*** Opening TASK INPUTS ***
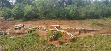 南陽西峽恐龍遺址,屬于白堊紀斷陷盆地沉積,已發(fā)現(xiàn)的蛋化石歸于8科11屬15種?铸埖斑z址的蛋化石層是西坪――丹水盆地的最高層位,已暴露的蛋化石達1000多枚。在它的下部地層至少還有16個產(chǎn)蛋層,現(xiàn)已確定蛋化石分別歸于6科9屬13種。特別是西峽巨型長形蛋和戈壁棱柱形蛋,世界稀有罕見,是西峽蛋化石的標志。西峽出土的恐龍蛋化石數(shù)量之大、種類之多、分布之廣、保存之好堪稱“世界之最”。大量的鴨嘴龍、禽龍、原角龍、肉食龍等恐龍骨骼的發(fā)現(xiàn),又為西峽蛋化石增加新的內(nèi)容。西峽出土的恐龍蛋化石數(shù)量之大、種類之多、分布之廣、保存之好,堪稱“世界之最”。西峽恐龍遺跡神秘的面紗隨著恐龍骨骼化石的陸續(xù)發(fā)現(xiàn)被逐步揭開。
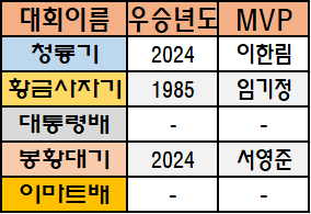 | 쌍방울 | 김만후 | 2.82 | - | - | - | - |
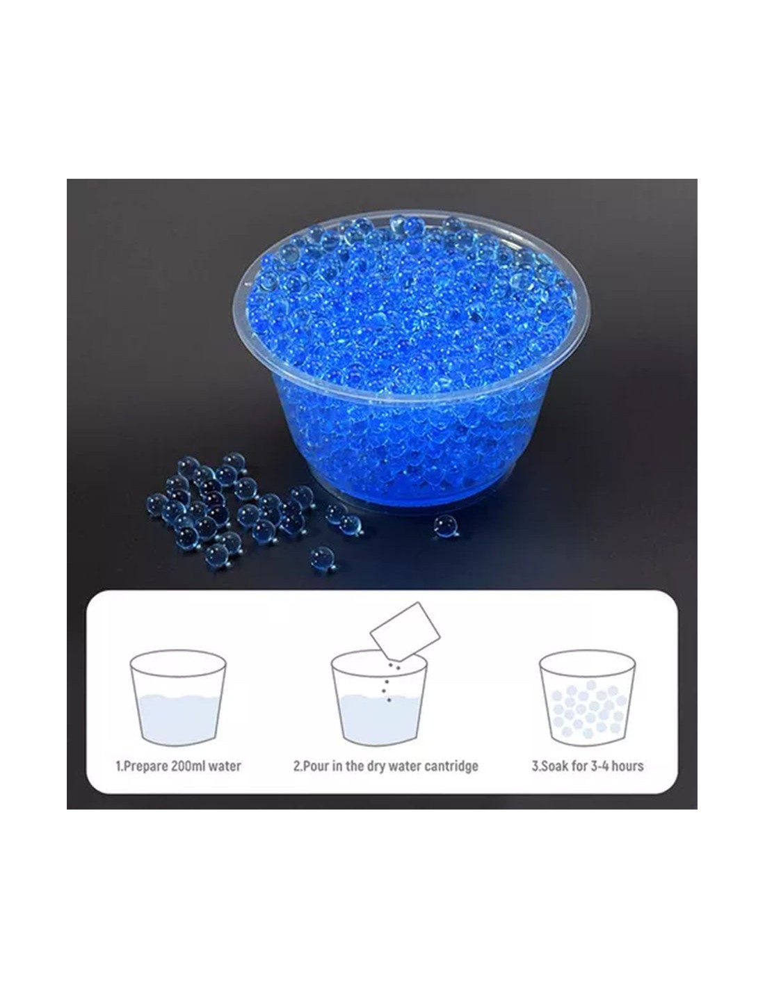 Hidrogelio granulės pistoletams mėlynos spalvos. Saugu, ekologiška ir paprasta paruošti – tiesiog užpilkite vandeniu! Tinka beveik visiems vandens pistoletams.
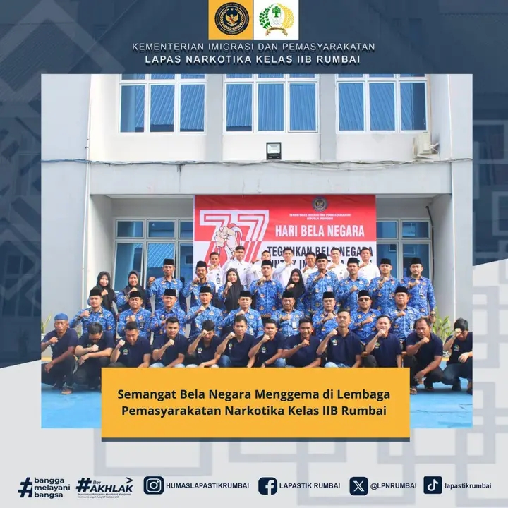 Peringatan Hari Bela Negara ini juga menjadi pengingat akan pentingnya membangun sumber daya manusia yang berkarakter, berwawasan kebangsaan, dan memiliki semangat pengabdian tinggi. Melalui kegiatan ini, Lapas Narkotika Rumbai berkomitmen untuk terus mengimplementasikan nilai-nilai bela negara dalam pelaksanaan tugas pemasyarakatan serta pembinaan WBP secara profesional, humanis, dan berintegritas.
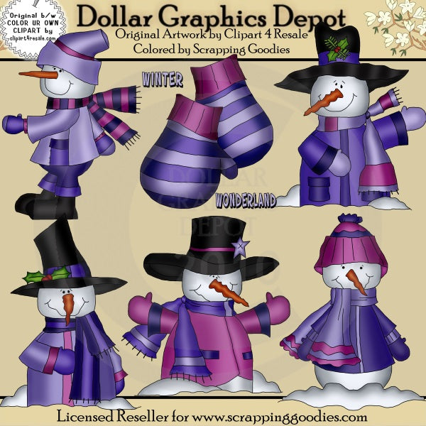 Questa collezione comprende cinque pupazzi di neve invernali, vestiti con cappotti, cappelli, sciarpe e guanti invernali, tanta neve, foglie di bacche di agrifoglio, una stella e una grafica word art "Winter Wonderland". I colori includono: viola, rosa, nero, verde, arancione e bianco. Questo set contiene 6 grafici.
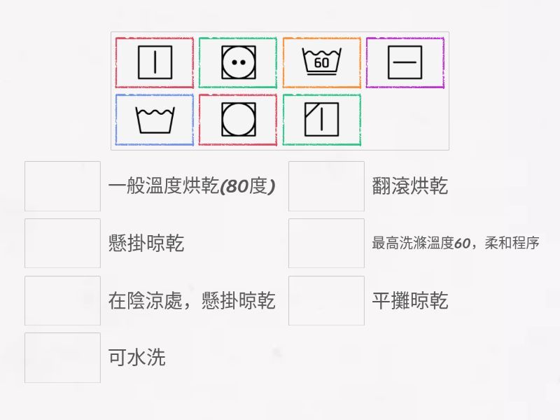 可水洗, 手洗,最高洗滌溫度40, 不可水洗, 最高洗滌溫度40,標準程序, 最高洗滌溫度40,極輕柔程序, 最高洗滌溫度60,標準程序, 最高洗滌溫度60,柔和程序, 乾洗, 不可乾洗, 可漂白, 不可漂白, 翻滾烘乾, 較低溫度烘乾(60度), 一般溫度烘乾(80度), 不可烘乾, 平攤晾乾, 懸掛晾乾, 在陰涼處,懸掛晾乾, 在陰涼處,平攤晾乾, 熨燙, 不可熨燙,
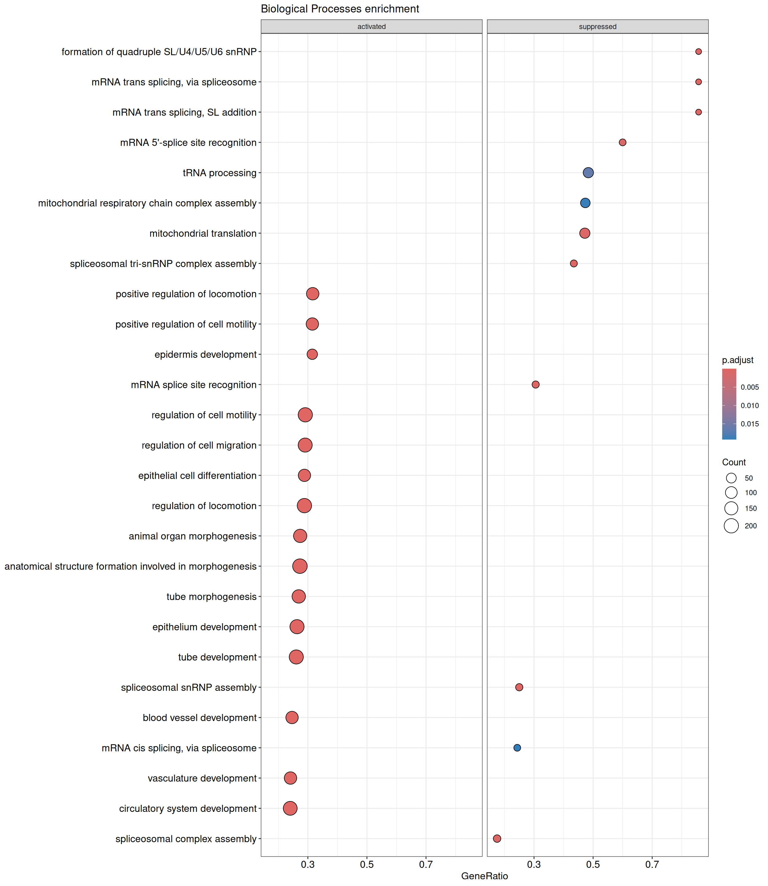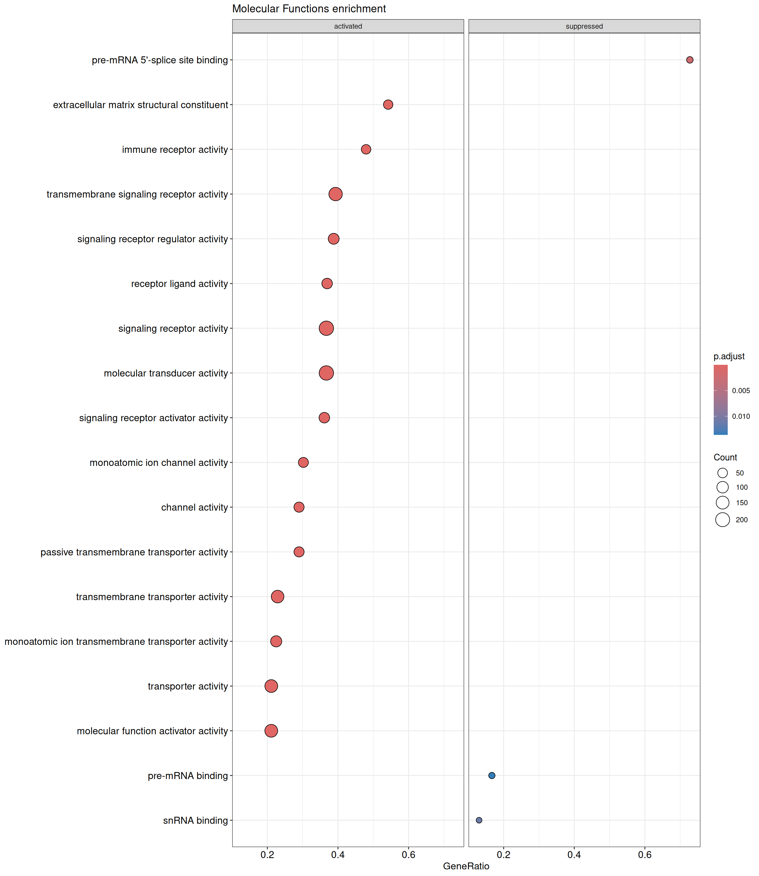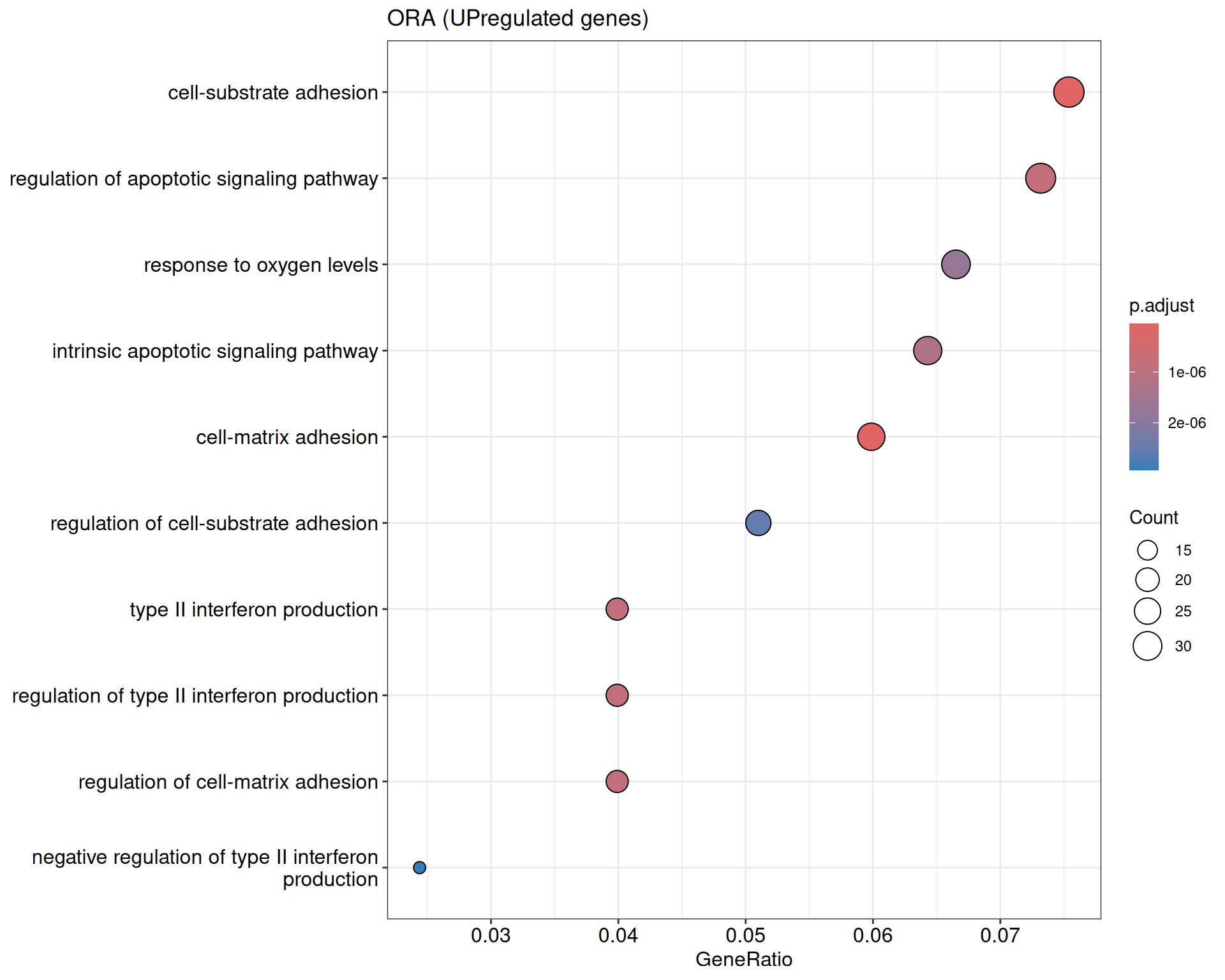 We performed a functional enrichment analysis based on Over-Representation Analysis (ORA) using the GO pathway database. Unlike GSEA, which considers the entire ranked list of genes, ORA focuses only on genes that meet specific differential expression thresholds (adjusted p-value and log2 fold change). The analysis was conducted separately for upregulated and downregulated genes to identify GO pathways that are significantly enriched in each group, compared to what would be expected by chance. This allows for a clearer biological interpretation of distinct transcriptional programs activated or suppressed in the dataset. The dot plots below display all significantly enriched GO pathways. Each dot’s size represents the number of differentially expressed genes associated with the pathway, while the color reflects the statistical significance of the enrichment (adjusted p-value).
*** Closing TASK INPUTS ***
*** Opening TASK INPUTS ***
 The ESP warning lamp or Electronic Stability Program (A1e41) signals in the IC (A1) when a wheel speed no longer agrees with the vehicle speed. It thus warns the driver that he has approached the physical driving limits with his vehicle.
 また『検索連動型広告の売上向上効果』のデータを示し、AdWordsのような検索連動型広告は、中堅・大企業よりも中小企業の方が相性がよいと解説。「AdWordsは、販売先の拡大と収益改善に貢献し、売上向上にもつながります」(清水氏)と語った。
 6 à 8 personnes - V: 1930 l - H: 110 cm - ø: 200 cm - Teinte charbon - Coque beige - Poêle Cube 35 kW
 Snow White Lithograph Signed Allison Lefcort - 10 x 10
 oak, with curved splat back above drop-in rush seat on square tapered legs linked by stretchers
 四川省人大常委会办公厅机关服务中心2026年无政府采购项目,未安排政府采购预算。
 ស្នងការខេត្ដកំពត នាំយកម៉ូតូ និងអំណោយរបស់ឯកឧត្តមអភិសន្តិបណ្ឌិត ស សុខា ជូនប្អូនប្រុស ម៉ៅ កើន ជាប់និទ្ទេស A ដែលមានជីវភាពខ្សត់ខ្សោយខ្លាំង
*** Closing TASK INPUTS ***
*** Opening TASK INPUTS ***
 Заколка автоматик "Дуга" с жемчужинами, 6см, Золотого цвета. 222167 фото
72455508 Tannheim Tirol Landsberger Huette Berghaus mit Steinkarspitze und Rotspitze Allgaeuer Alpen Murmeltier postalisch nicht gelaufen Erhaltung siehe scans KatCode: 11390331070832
*** Closing TASK INPUTS ***
THE TASK | Look through the data above and return exactly the lines from the one that contains "Snow White Lithograph" to the one that contains "ស្នងការខេត្ដកំពត នាំយកម៉ូតូ និងអំណោយរបស់ឯកឧត្តមអភិសន្តិបណ្ឌិត", inclusive, with nothing else.

ANSWER BOX |
 Snow White Lithograph Signed Allison Lefcort - 10 x 10
 oak, with curved splat back above drop-in rush seat on square tapered legs linked by stretchers
 四川省人大常委会办公厅机关服务中心2026年无政府采购项目,未安排政府采购预算。
 ស្នងការខេត្ដកំពត នាំយកម៉ូតូ និងអំណោយរបស់ឯកឧត្តមអភិសន្តិបណ្ឌិត ស សុខា ជូនប្អូនប្រុស ម៉ៅ កើន ជាប់និទ្ទេស A ដែលមានជីវភាពខ្សត់ខ្សោយខ្លាំង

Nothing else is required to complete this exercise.